[Exercise directions]:
Transcribe the entries below word for word, beginning at the line with "Khâu dẫn: trục" and stopping after the line with "Blue, green and"; drop all pictures.

[Raw data]:
+++
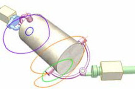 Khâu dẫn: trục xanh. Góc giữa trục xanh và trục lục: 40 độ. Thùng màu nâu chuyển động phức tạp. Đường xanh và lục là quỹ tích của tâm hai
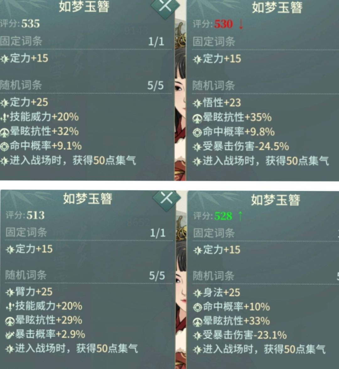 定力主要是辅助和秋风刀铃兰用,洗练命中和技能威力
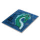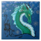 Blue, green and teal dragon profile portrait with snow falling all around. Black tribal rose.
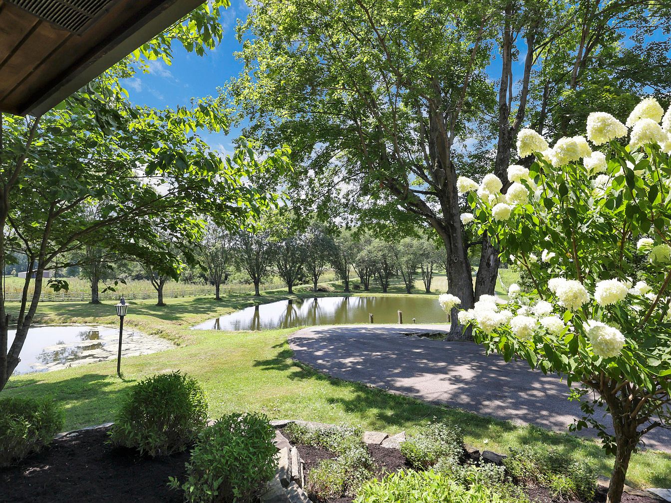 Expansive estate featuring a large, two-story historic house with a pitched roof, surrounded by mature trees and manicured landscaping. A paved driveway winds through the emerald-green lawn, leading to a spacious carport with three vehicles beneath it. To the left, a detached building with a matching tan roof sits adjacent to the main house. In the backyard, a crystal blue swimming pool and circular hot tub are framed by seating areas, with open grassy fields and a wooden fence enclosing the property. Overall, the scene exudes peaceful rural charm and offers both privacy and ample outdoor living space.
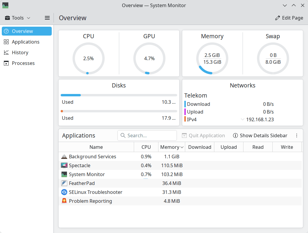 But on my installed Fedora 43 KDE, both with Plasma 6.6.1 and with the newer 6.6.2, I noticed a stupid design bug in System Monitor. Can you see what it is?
+++
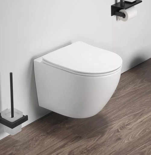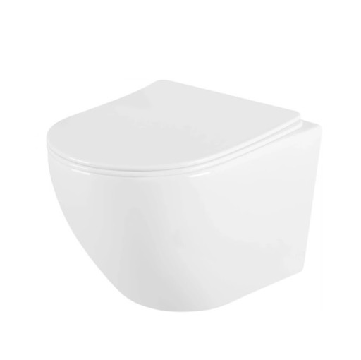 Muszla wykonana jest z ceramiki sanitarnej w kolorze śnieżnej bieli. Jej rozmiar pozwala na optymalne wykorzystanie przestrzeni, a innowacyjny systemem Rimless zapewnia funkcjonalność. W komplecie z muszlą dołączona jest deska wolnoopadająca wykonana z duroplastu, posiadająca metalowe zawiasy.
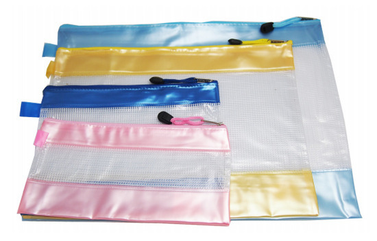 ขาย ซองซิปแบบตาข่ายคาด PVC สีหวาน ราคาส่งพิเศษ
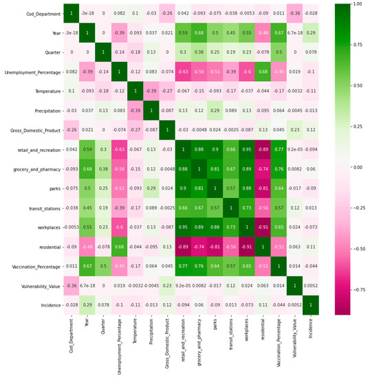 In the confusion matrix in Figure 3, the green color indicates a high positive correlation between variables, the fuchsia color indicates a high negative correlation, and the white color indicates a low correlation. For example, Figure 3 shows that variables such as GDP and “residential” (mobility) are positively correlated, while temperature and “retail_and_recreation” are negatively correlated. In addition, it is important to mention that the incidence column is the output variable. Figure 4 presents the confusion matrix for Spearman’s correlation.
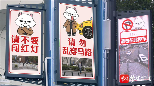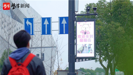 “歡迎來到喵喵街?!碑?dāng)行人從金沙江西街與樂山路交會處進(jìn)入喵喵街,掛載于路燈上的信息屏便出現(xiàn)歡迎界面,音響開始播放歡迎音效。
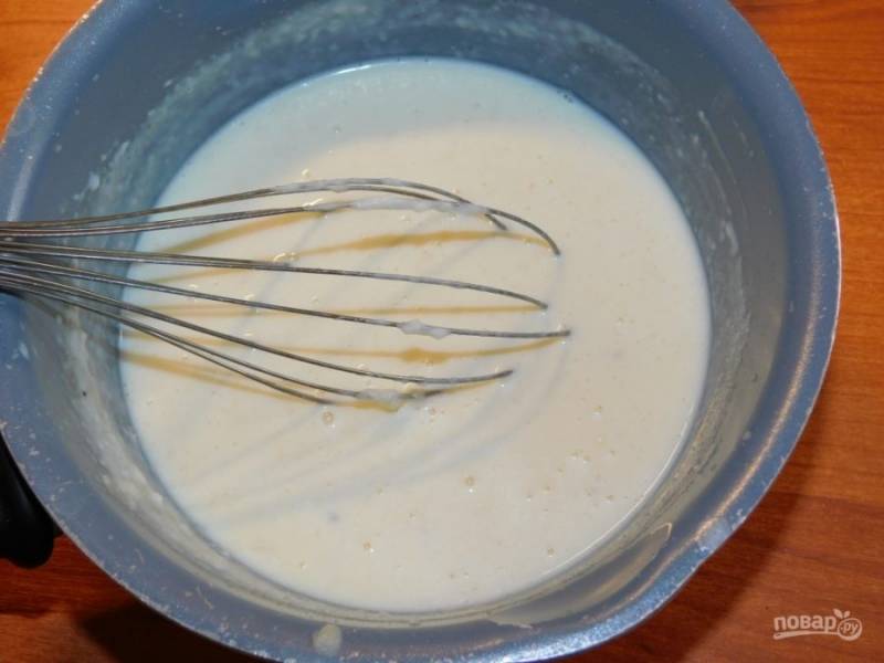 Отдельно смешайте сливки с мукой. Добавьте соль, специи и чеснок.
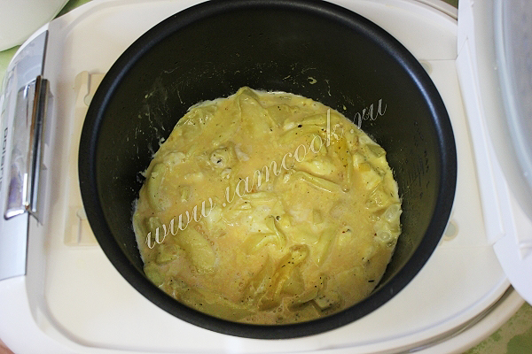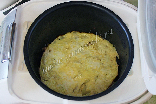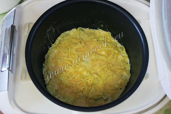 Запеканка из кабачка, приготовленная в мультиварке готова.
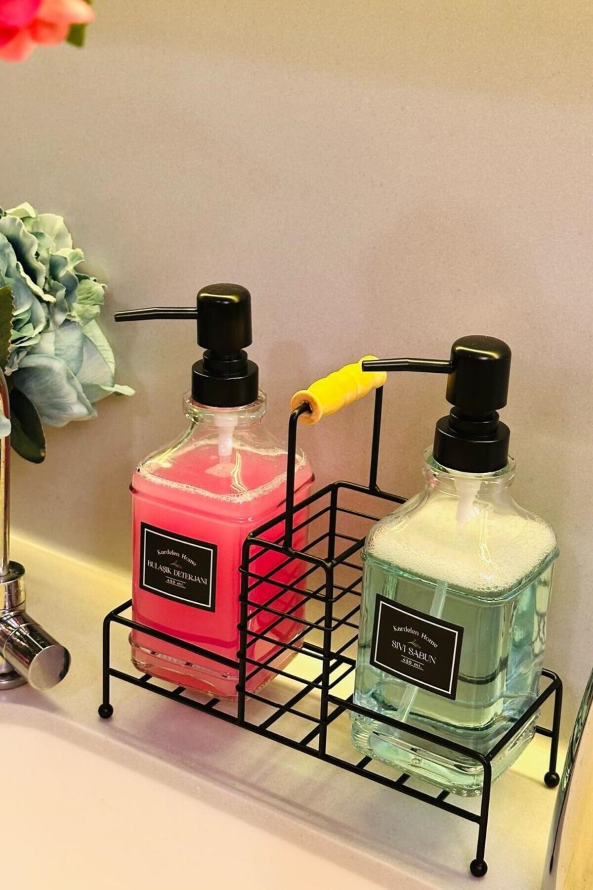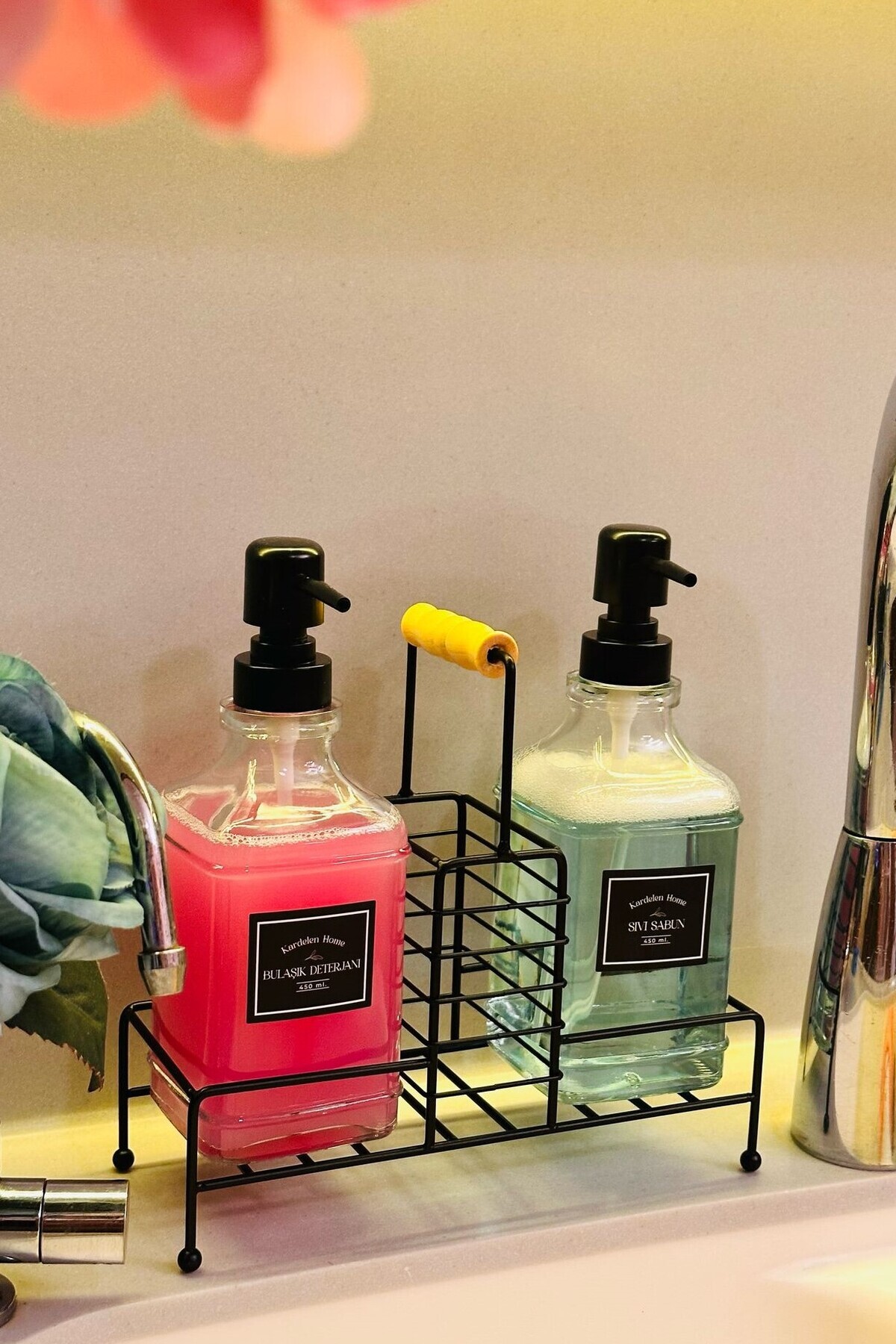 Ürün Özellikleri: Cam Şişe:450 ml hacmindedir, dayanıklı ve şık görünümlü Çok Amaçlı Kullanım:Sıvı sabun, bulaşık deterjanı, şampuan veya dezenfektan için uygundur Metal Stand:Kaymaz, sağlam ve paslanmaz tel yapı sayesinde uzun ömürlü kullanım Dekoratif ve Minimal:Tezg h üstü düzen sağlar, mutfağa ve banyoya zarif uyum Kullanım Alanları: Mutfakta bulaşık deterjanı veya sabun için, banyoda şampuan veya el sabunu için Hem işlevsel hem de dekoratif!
+++
[Answer for the task]:
 Khâu dẫn: trục xanh. Góc giữa trục xanh và trục lục: 40 độ. Thùng màu nâu chuyển động phức tạp. Đường xanh và lục là quỹ tích của tâm hai
 定力主要是辅助和秋风刀铃兰用,洗练命中和技能威力
 Blue, green and teal dragon profile portrait with snow falling all around. Black tribal rose.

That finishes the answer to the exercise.